*Exercise brief*
Look at the data below and print exactly the lines from its first line through the line with "Nasional dan Cuti"; the pictures stay out of the copy.

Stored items
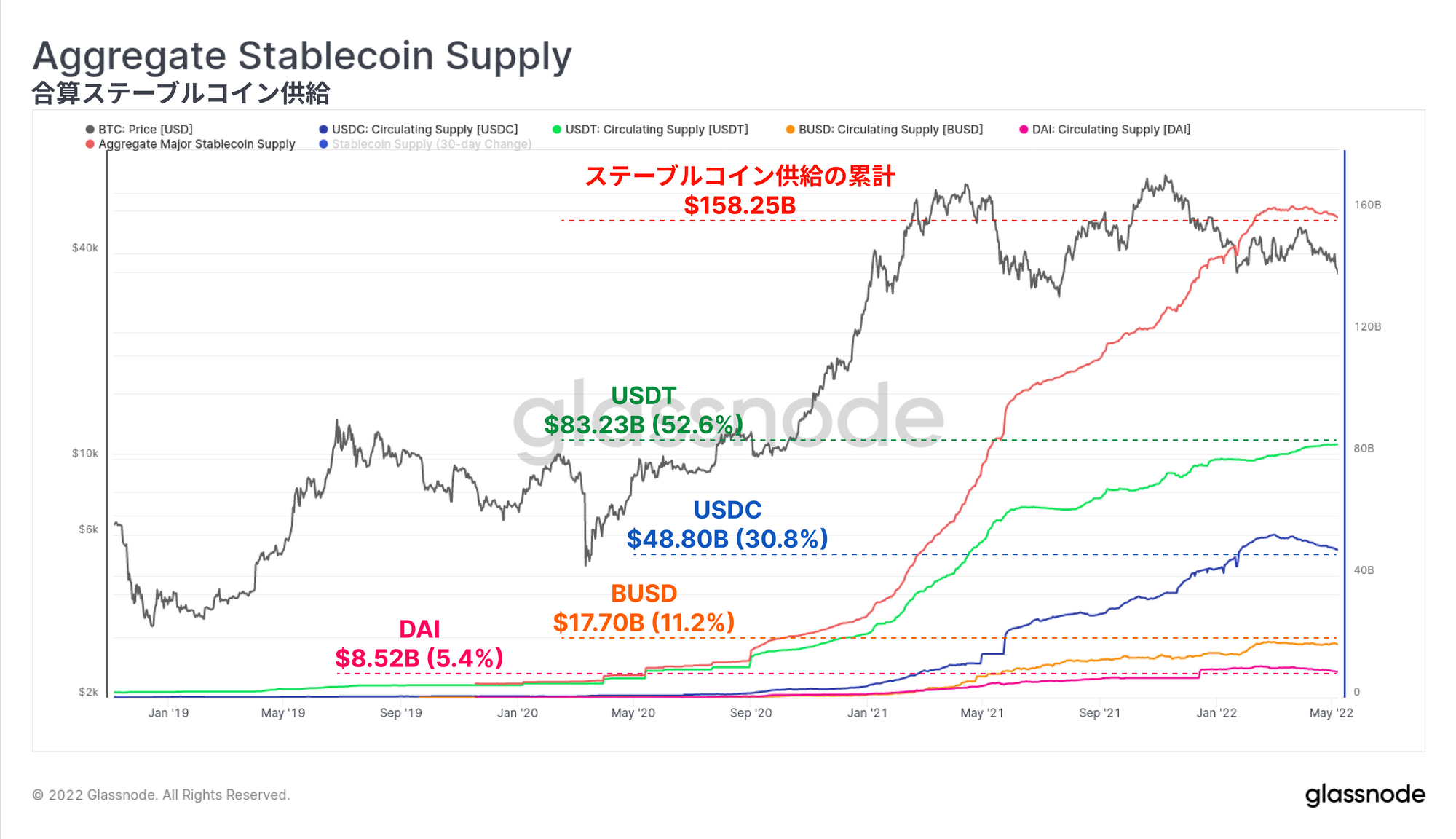 2020年3月の売り相場以降、主要なステーブルコイン(USDT、USDC、BUSD、DAI)の供給総額は5.33Bドルから158.25Bドル超まで増加した。これは、わずか2年余りで2,866%という驚異的な成長である。USDTは主要供給量の52.6%を占め、USDCが30.8%の占有率で第二位となっている。
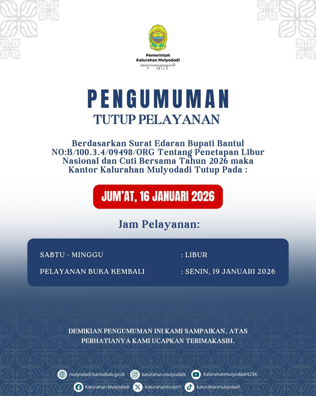 Nasional dan Cuti Bersama Tahun 2026 maka Kantor Kalurahan Mulyodadi Tutup Pada :
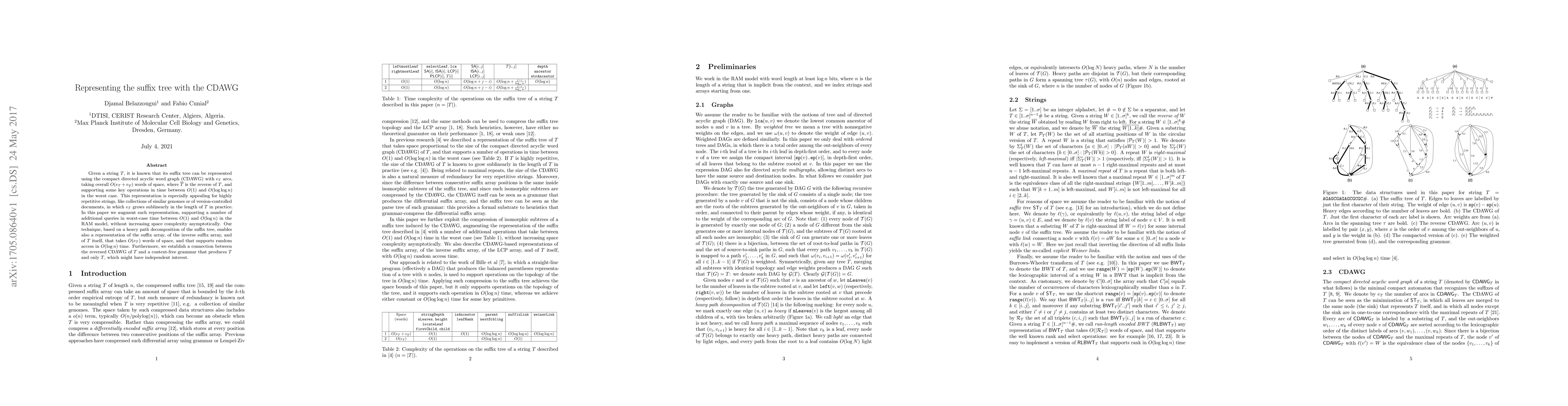 This paper presents a compact representation of a string's suffix tree using the CDAWG, supporting various queries in logarithmic time without increasing space complexity. It also introduces a heavy path decomposition technique to represent the suffix array, inverse suffix array, and the string itself efficiently.
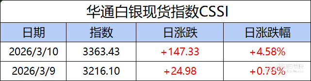 华通白银现货指数CSSI走势日报,今日指数3363.43,日涨跌+147.33,日涨跌幅+4.58%
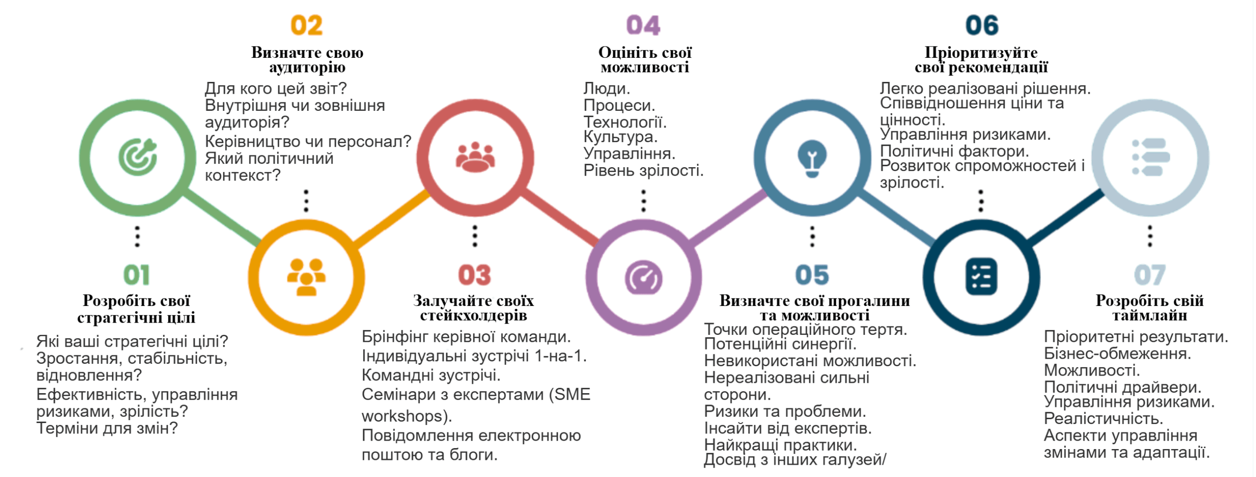 - Команди оцінюють потенційні синергії, ризики та нереалізовані можливості. Також виявляють місця, де проєкт може зіткнутися з операційними труднощами.
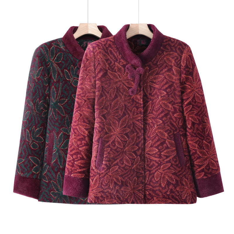中高年の女性の秋冬の新型のゆったりしたコートのお母さんは長袖の上着のおばあさんとベルベットを着て服を厚くします。
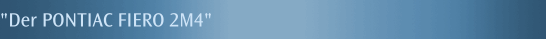 Der Pontiac Fiero. Oft belächelt wegen seiner Form und dem Motor! In diesem Fall ein 2,5 liter Motor mit ca.90 PS! Ca. deshalb weil diese Motoren oft keine genauen PS-Zahlen aufweisen, mal mit 90 dann mit 112 oder auch mal 98 PS ! Das 2M4 steht für Zweisitzer mit Mittelmotor und Vier Zylindern! Sicher es gibt ihn auch mit V6 Motor und 2,8 liter und dann 130 bis 150 PS! Und dann gibt es noch Leute die Zeit und Geld nicht scheuen und Bauen hier ein V8 ein, oh doch sicher, der passt auch rein!
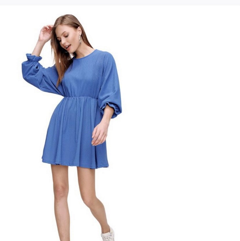 Mavi renkte, uzun kollu, yuvarlak yakalı ve bol kesim midi elbise. Pliseli tasarımı ve denim kumaşıyla gündelik kullanıma uygundur.
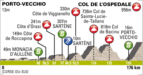 Después de coronar, a 41 km del meta, largo e irregular descenso, con algunos tramos complicados y de mucha pendiente pero también una zona llana intermedia, en dirección a Muratello, dando paso 15 km más o menos llanos en los alrededores de Porto Vecchio, con sprint intermedio incluído, antes de encarar la ascensión final al Col de L´Ospedale: una subida sin rampas muy duras, con sólo un km por encima del 9% (ya cerca de la cima), pero muy constante, sin bajar apenas del 5-6% y con unas cifras oficiales de 14,1 km al 6,2 % de media y casi 900 m de desnivel. Un factor importante será el viento, ya que se trata de una ascensión muy abierta y si sopla de cara puede perjudicar mucho el avance de los ciclistas.
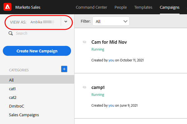 Les administrateurs peuvent afficher les utilisateurs, les campagnes et les catégories de campagne à l’aide du menu déroulant Afficher en tant que.

*Response area*
 2020年3月の売り相場以降、主要なステーブルコイン(USDT、USDC、BUSD、DAI)の供給総額は5.33Bドルから158.25Bドル超まで増加した。これは、わずか2年余りで2,866%という驚異的な成長である。USDTは主要供給量の52.6%を占め、USDCが30.8%の占有率で第二位となっている。
 Nasional dan Cuti Bersama Tahun 2026 maka Kantor Kalurahan Mulyodadi Tutup Pada :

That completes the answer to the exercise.